Bob identifies a few interesting correlations and wants to combine variables involved in these correlations to assemble a new dataset. Nexus provides data assembly APIs to make it easy for Bob.

Suppose Bob finds the first correlation intriguing and wishes to explore the data used to calculate it. In such a scenario, he can simply input the correlation's ID into Nexus to obtain the integrated dataset.

In [None]:
row_idx = 0
aligned, prov = nexus_api.get_joined_data_from_row(df_control.loc[0])
dtale.show(aligned)

Nexus also offers `join_and_project` API that can assemble a dataset from any set of given variables.

In [None]:
variables = [Variable('divg-mhqk_location_6', 'count'), Variable('4u6w-irs9_location_6', 'avg_square_feet')]
df, prov = nexus_api.join_and_project(variables)
dtale.show(df)

Nexus provides the data provenance information for all data assembly APIs.

In [None]:
print(prov)

## Regression Analysis

When you find multiple intriguing correlations and wish to conduct further regression analysis on variables of interest, you can begin by utilizing Nexus's `join_and_project` function to compile the necessary dataset. Subsequently, you may employ any data analysis library for regression analysis. In this instance, we will illustrate the process using `scikit-learn`.

In [None]:
from sklearn import linear_model

dependent_variable = Variable('asthma_Zip5_6', 'avg_enc_asthma')
independent_variables = [Variable('ijzp-q8t2_location_6', 'count'), Variable('n26f-ihde_pickup_centroid_location_6', 'avg_tip')]

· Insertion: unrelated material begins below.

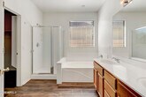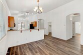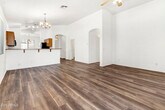 Discover this charming 3-bedroom,2-bathroom home featuring a bright,open great room floor plan perfect for modern living. The spacious kitchen includes all appliances,a pantry,breakfast bar,and a cozy dining nook. The primary suite offers a relaxing retreat with dual sinks,a separate tub and shower,and a generous walk-in closet. Additional highlights include newer vinyl flooring throughout,wood blinds,a large laundry room,and a 2-car garage. Ideally located near shopping,dining,and the Surprise baseball stadium,this home blends comfort and convenience in one desirable package!

data_to_analyze, provenance = nexus_api.join_and_project([dependent_variable] + independent_variables)
# apply any data anlysis method
regression_model = linear_model.LinearRegression() # OLS regression

x = data_to_analyze[[variable.attr_name for variable in independent_variables]]
y = data_to_analyze[dependent_variable.attr_name]
model = regression_model.fit(x, y)
r_squared = model.score(x, y)

print("coefficients of each independent variables:", model.coef_)
print("r square score:", r_squared)

# Persona 2: Data-Driven Hypothesis Generation.
Amy, a social scientist in Chicago, is seeking to discover intriguing phenomena within the city for her research. To avoid limiting her analysis to existing knowledge, she employs a data-driven strategy. Recognizing that Chicago Open Data has a wealth of datasets on diverse societal aspects such as education, business, and crime, Amy wants to identify interesting correlations automatically to generate new hypotheses. 

She points Nexus to Chicago Open Data and uses the `find_all_correlations` API to identify all correlations within Chicago Open Data at the census tract and month granularity.

In [None]:
from nexus.utils.time_point import TEMPORAL_GRANU
from nexus.utils.coordinate import SPATIAL_GRANU
chicago_correlations = nexus_demo.find_all_correlations(TEMPORAL_GRANU.MONTH, SPATIAL_GRANU.TRACT)
print(f"Nexus found {len(chicago_correlations)} correlations in total")

## Use Nexus Variable Clusters

Nexus found 40,538 correlations in total, which is an overwhelming number for users to discern interesting correlations manually.

Luckily, Nexus can distill the structure of correlations and extract a small number of variable clusters from the vast array of correlations. These variable clusters can help users identify causal links and confounders.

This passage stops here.